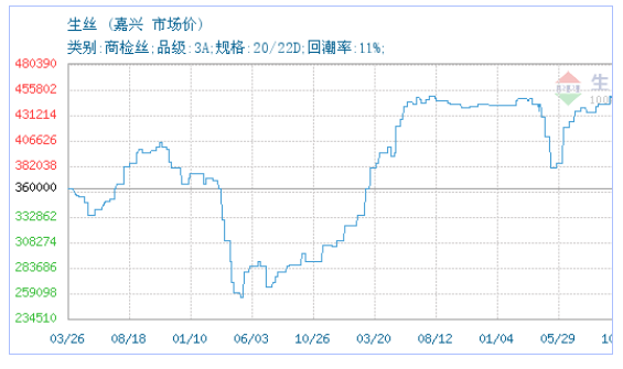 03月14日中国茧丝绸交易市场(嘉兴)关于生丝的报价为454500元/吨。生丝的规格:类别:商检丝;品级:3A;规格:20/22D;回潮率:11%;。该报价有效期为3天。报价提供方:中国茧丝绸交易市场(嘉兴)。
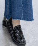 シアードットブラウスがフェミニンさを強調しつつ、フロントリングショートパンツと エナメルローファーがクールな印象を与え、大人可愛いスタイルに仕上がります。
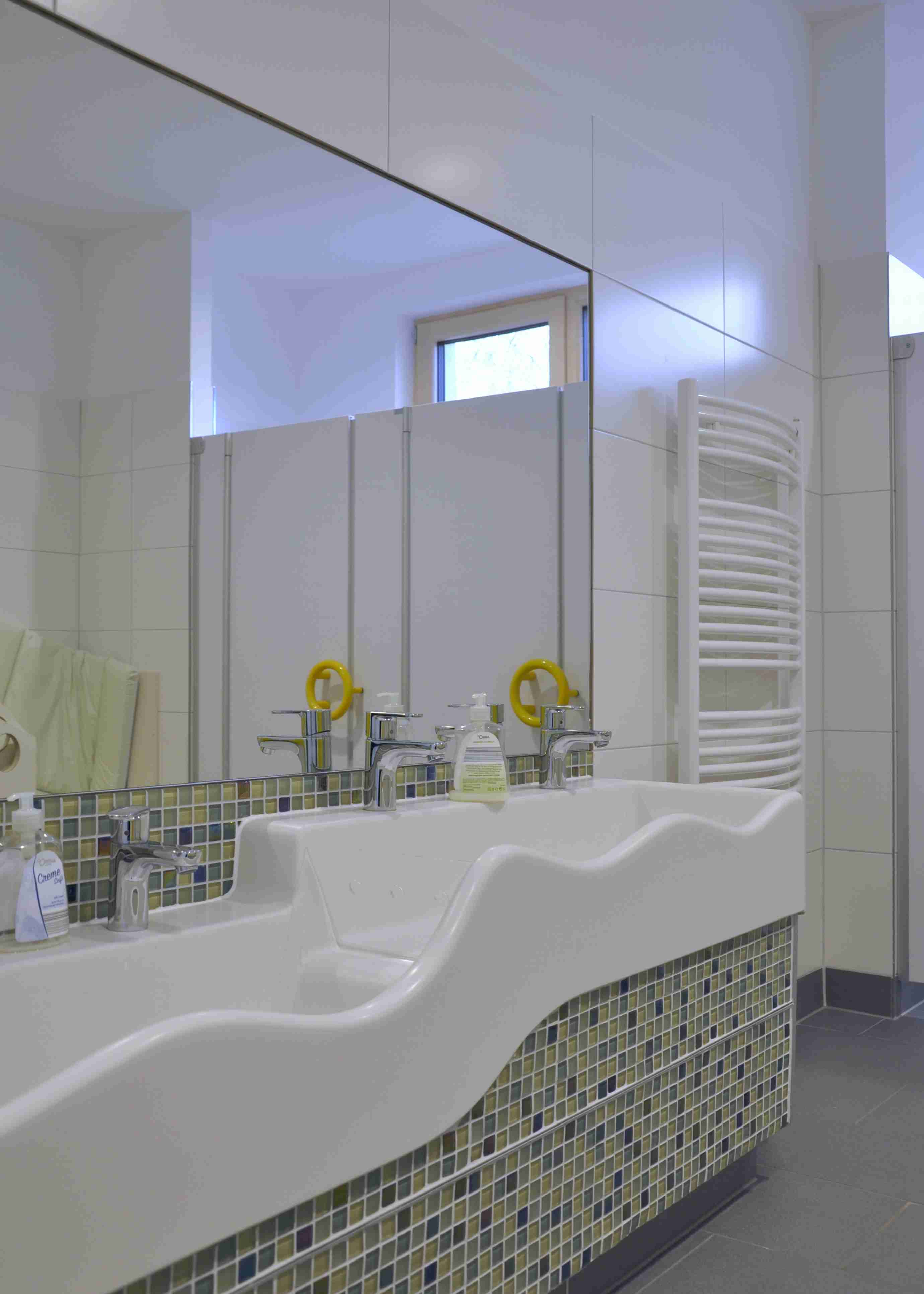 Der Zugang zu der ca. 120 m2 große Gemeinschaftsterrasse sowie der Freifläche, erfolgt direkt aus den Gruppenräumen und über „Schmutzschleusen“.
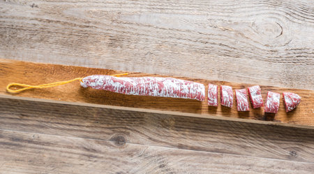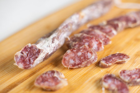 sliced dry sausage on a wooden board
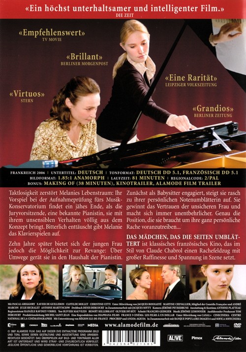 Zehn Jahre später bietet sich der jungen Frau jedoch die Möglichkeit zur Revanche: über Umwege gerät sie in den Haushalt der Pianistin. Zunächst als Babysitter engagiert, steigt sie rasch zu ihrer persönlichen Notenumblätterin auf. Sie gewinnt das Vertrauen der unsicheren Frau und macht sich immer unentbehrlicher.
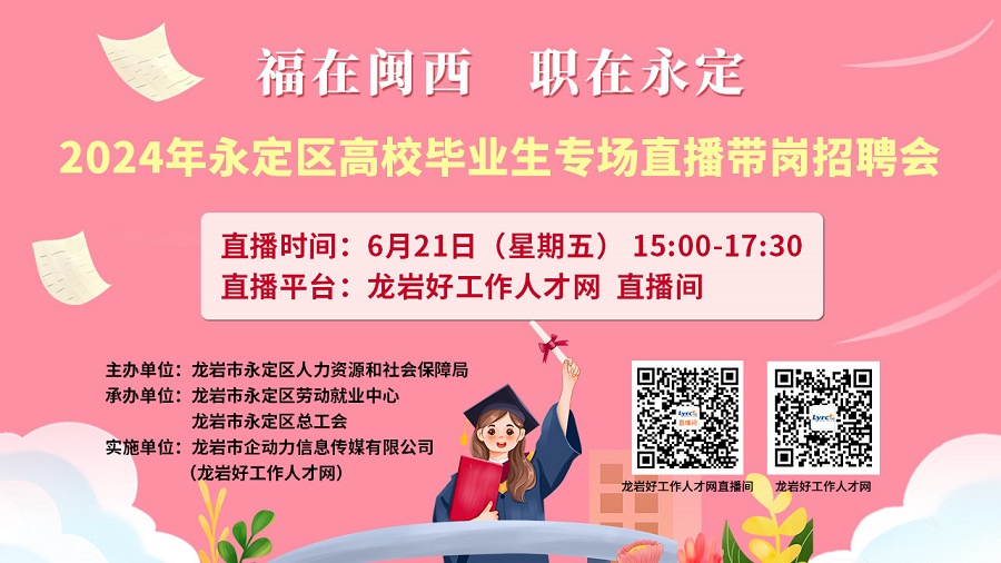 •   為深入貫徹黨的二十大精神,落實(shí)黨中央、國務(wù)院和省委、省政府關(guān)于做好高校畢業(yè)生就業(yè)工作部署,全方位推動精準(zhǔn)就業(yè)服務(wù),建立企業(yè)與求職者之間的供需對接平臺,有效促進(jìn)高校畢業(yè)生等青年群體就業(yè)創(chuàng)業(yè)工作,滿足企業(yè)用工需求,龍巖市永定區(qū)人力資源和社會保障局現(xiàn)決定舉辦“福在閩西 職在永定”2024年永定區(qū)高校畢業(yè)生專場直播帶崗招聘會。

──────────

What is being asked:
An exact printout of the listing is needed, minus any pictures it contains.

Answer:
 03月14日中国茧丝绸交易市场(嘉兴)关于生丝的报价为454500元/吨。生丝的规格:类别:商检丝;品级:3A;规格:20/22D;回潮率:11%;。该报价有效期为3天。报价提供方:中国茧丝绸交易市场(嘉兴)。
 シアードットブラウスがフェミニンさを強調しつつ、フロントリングショートパンツと エナメルローファーがクールな印象を与え、大人可愛いスタイルに仕上がります。
 Der Zugang zu der ca. 120 m2 große Gemeinschaftsterrasse sowie der Freifläche, erfolgt direkt aus den Gruppenräumen und über „Schmutzschleusen“.
 sliced dry sausage on a wooden board
 Zehn Jahre später bietet sich der jungen Frau jedoch die Möglichkeit zur Revanche: über Umwege gerät sie in den Haushalt der Pianistin. Zunächst als Babysitter engagiert, steigt sie rasch zu ihrer persönlichen Notenumblätterin auf. Sie gewinnt das Vertrauen der unsicheren Frau und macht sich immer unentbehrlicher.
 •   為深入貫徹黨的二十大精神,落實(shí)黨中央、國務(wù)院和省委、省政府關(guān)于做好高校畢業(yè)生就業(yè)工作部署,全方位推動精準(zhǔn)就業(yè)服務(wù),建立企業(yè)與求職者之間的供需對接平臺,有效促進(jìn)高校畢業(yè)生等青年群體就業(yè)創(chuàng)業(yè)工作,滿足企業(yè)用工需求,龍巖市永定區(qū)人力資源和社會保障局現(xiàn)決定舉辦“福在閩西 職在永定”2024年永定區(qū)高校畢業(yè)生專場直播帶崗招聘會。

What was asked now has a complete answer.